What family doesn’t love a good local pantomime? Choruses of ‘oh no he didn’t!’ and ‘he’s behind you!’ have been echoing round British theatres for many years.
It’s something purely British, as our continental cousins are often baffled by this style of entertainment according to the BBC. Though our festive season wouldn’t be the same without it.
That’s why we’ve brought together some of this year’s hottest pantos in one article to help you find your local pantomime.
Whether you’re looking for a family outing (or a hit of nostalgia) there’s sure to be something for everyone!
Aladdin- Princess Theatre, Torquay
This classic story of magic carpets, mysterious lamps and true love is a staple of pantomimes. The performance at the Princess Theatre also boasts some excellent cast members that will make it a night to remember.
You all know the story; when Aladdin falls in love with the Princess of China, he must prove he’s the right guy to win her hand. The genie in the magic lamp might hold the key, but can he outwit the Evil Sorcerer and find true love?
A highlight of the cast is Anne Hegerty, known for her merciless performances on The Chase. She’s also a prolific pantomime star, appearing in the likes of Cinderella, Jack and the Beanstalk and Beauty and the Beast. Other notable cast members include X Factor contestants Sam Callahan and Luke Friend, while Last of the Summer Wine‘s Tom Owen plays the sorcerer Abanazar.
A great show treat for anyone in the Torquay area this December.
Jack and the Beanstalk- New Wimbledon Theatre – London
9th December 2017-14th January 2018
This pantomime marks the first performance of Jack and the Beanstalk in the area for more than 15 years. It’s also being held by one of the world’s biggest pantomime producers, Qdos Entertainment, making this a show to look forward to.
Stand-up comedian Al Murray and Olivier winner Clive Rowe (The Story of Tracy Beaker) lead the cast in this timeless fairytale of beanstalks, giants and fabulous treasure. The show boasts stunning scenery and special effects, beautiful costumes and- of course- plenty of audience participation.

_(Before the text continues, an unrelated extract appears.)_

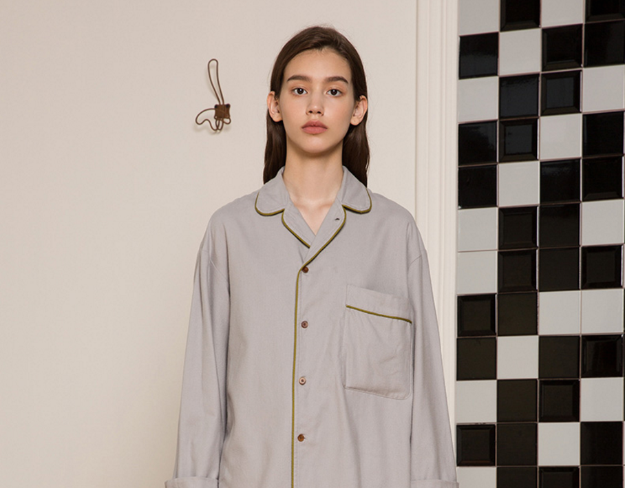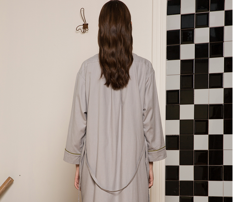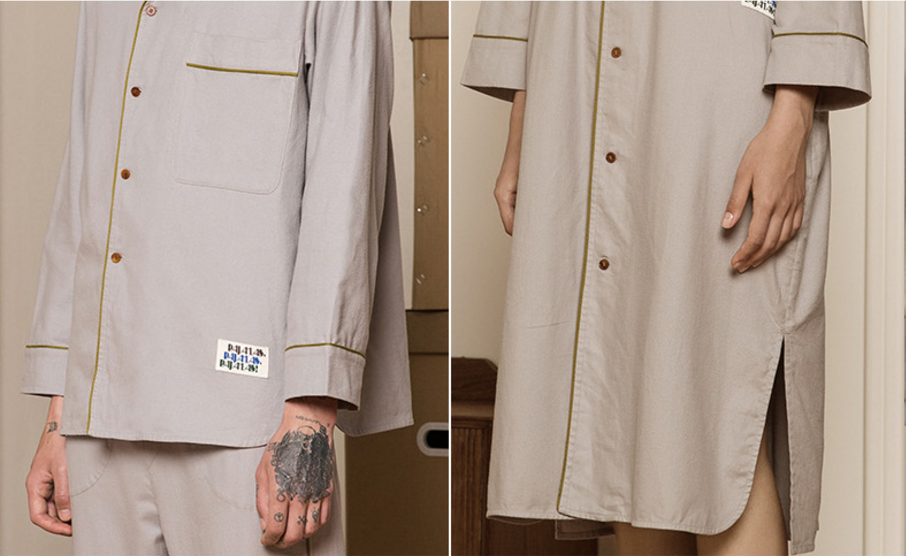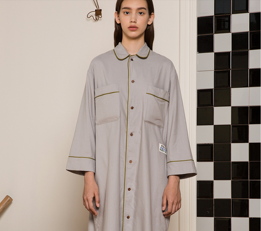 中性的款式设计不管是男女皆可穿着,家居服分为上衣下裤和连身裙两个款式,上衣下裤套装的上衣是衬衫式开襟长袖睡衣,下装是锥裤,整体剪裁松,包容性强。既可以完整一套穿,也可以单穿自由搭配。在下装的裤子腰部,还有前抽绳后松紧的设计,能根据腰围需求作调节,而且在左右两侧还配有大容量口袋,储物方便。

Plus it’s in aid of the NSPCC, so while treating yourself to a your local pantomime you’ll be supporting a great charity at the same time.

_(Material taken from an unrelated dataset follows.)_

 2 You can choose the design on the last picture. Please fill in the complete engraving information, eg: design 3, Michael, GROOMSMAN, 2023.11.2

As one of the world’s most famous fairytales, Cinderella is an excellent choice for any panto fan. The classic rags-to-riches tale has everything a pantomime could ask for: marvellous magic, a happy ending and villains you love to hate.
This performance of the classic tale boasts some big names. Prince Charming is played by Blue’s Duncan James, who’s also appeared in stage productions of Sherlock Holmes and TV soap Hollyoaks. Jodie Prenger, winner of the reality show I’d Do Anything, plays the Fairy Godmother. You can find out more about the rise of the theatre talent shows and about Jodie Prenger in one of our previous articles here.

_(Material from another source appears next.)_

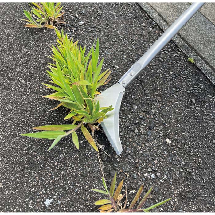 隙間や角の雑草を鋸刃で刈る、波刃で刈る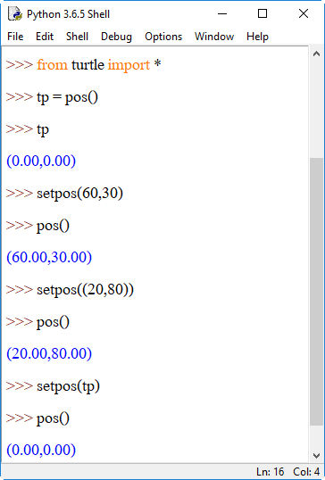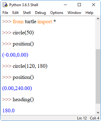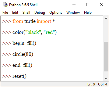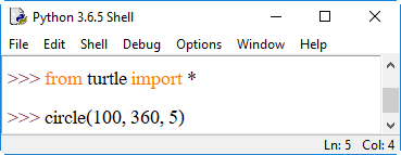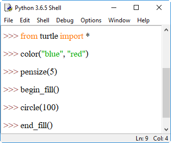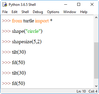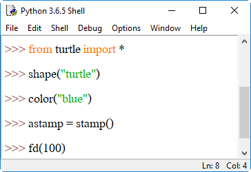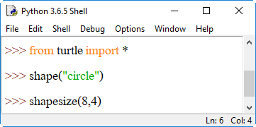 4. shape() เป็นการระบุรูปร่างของตัวเต่า โดยระบุรูปร่างเป็นสตริงอยู่ภายในวงเล็บ () ได้แก่ "arrow", "turtle", "circle", "square", "triangle", "classic" ลงไป เช่น shape("circle") หรือ shape("square") หากต้องการเปลี่ยนกลับเป็นรูปลูกศรให้ใช้ shape("classic")

Each of these perfomers promises to make this panto an unforgettable one!
Robin Hood and The Babes in the Wood- York Barbican
If you want something a little off the beaten track, this pantomime at the York Barbican might be just what you’re after. It mixes elements of the classic Robin Hood story with the Babes in the Wood tale to produce an unforgettable all-ages night out.
This performance boasts the biggest lineup of stars that the city has ever seen. It includes Boyzone’s Shane Lynch, Eastenders’ Ricky Norwood and Coronation Street’s Michael Starke.
It also sees the return of 90s pop star Anna Kumble (Lolly) and The Voice star Jaz Ellington, who are playing the fairy and Friar Tuck respectively.
Bradford Alhambra’s pantomime is a Christmas highlight, and this year’s panto promises to be no different. Veteran actor and Prince of Bradford Panto, Billy Pearce, makes his usual appearance and this year he’s joined by the singer and Loose Women panelist Coleen Nolan, as well as stage star Shane Nolan in what promises to be a top-quality pantomime!
The Alhambra celebrated its 100-year birthday back in 2014. It is the place for pantos in Yorkshire thanks to Francis Laidler, also known as the King of Panto.
Peter Pan- Christmas in Neverland – Arena Birmingham
20th – 24th Dec
Taking pantomimes to a large scale is this year’s Peter Pan panto in Birmingham.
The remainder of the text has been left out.